既存の排気量区分にとらわれることなく公道でのスポーツ性を追求した機種として、11年型でデビューしたのが、異形ヘッドライトを採用したネイキッドのFZ8と、今回紹介するハーフカウル付きのフェーザー8からなる海外向けシリーズだ。
ベースとなっているのは、国内仕様もあるFZ1シリーズ。エンジンは、ボアダウンにより排気量を219cc縮小し、5→4バルブ化をはじめとする各部の専用化も図ってある。いっぽうで車体は、アルミ製のメインフレームや前後サスペンションを踏襲しながら、外装パーツなどを専用化。リアタイヤのサイズを含む各部を、リセッティングしてある。
ロングストロークのエンジンは、低回転域ではマイルドで扱いやすく、中高回転域では気持ちよく伸びる仕様。最高出力は100馬力ちょっとなので、公道でも恐怖感なく吹け上がりを楽しめる。
高剛性を誇るアルミ製フレームを使った車体は、兄貴分のFZ1フェーザーよりさらに軽快。ニュートラルなハンドル舵角を保ったまま、バイク任せでスポーティにコーナリングできる。メーターやヘッドライトなどがハンドル部にマウントされたネイキッドのFZ8と比べると、より自然で落ち着いたイメージだ。
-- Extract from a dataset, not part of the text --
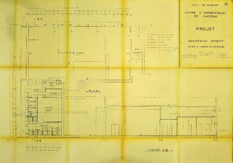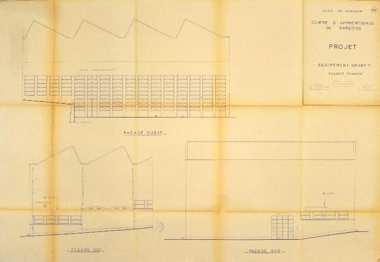 Ce petit gymnase de 19,48 m sur 12 m ne répond pas aux dimensions standard des salles de sport scolaires. Il possède la singularité de se trouver au rez-de-chaussée d'un des ateliers du lycée. De ce fait, le bâtiment présente une toiture à sheds, caractéristique du monde de l'industrie, formée d’une succession de toits à deux versants de pente différente, dont le plus court est vitré, orienté vers le nord, de façon à avoir un éclairage constant. Celui-ci ne bénéficie qu'aux ateliers, le gymnase étant pour sa part éclairé par les baies de sa façade ouest.
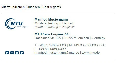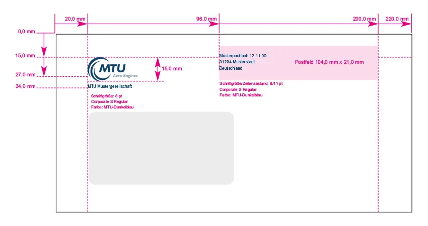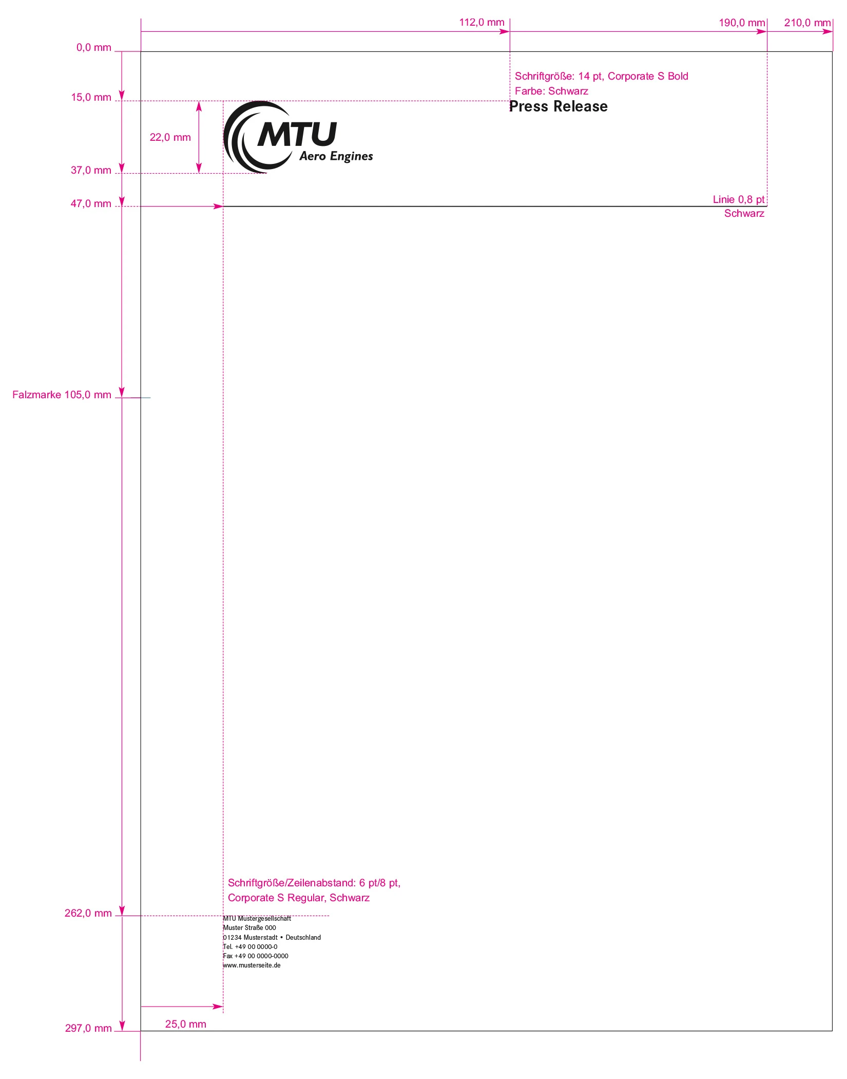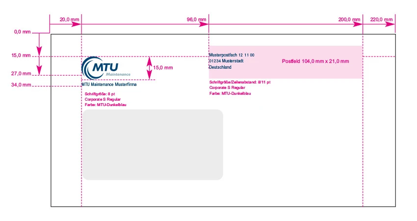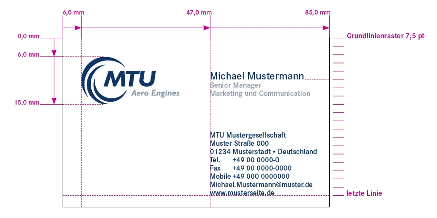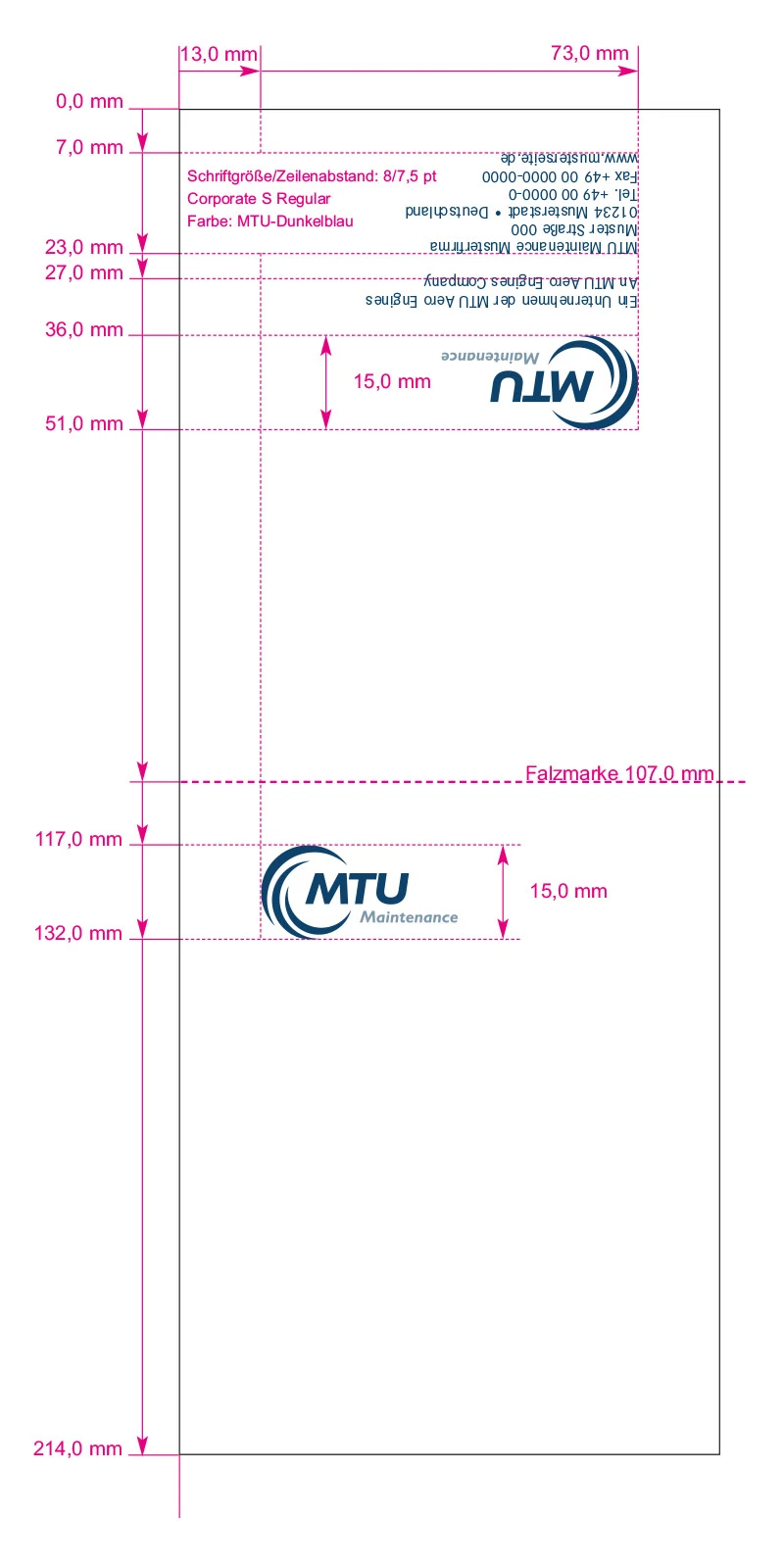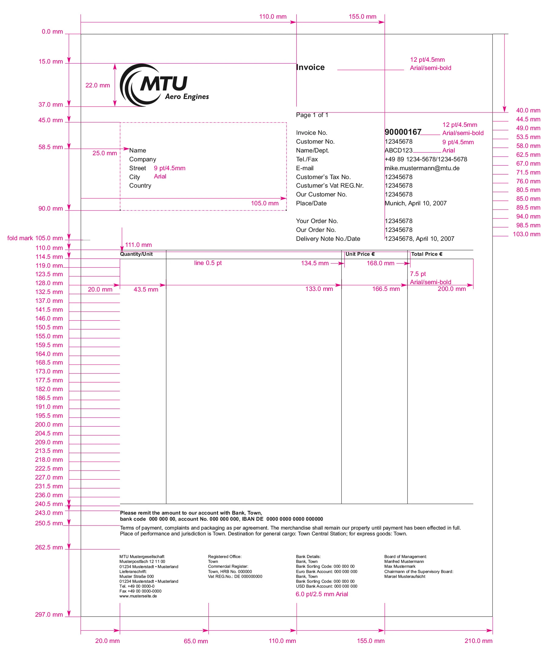 in ÜberarbeitungGeschäftspapiere sind ein wesentlicher Bestandteil unserer Kommunikation, da diese weit verbreitet und häufig eingesetzt werden. Durch das Layout unserer Geschäftspapiere wird ein bestimmtes, von der MTU Aero Engines beabsichtigtes Image kommuniziert. Genauso wichtig ist jedoch der Inhalt, der von jedem Einzelnen in einen Brief, eine Mitteilung oder ein Formular eingebracht wird sowie der Zustand der Geschäftspapiere, wenn sie den Empfänger erreichen. Schlecht formulierte Schreiben oder nachlässig gefaltete Briefbogen beeinträchtigen den Eindruck der Präzision und Effizienz, den wir vermitteln wollen. Der beste Eindruck entsteht aus der Summe aller korrekt eingesetzten Details.

また、前後サスペンションにはストローク感があり、アクセルのオンオフやブレーキングによる適度なピッチングを楽しみながら、ワインディングを駆けるのが気持ちいい。
13年型でシート表皮やウインカーが変更されたことを除けば、新登場からこれまでに受けた変更は車体色のみ。注目を集める機会こそ少ないが、侮れない実力派である。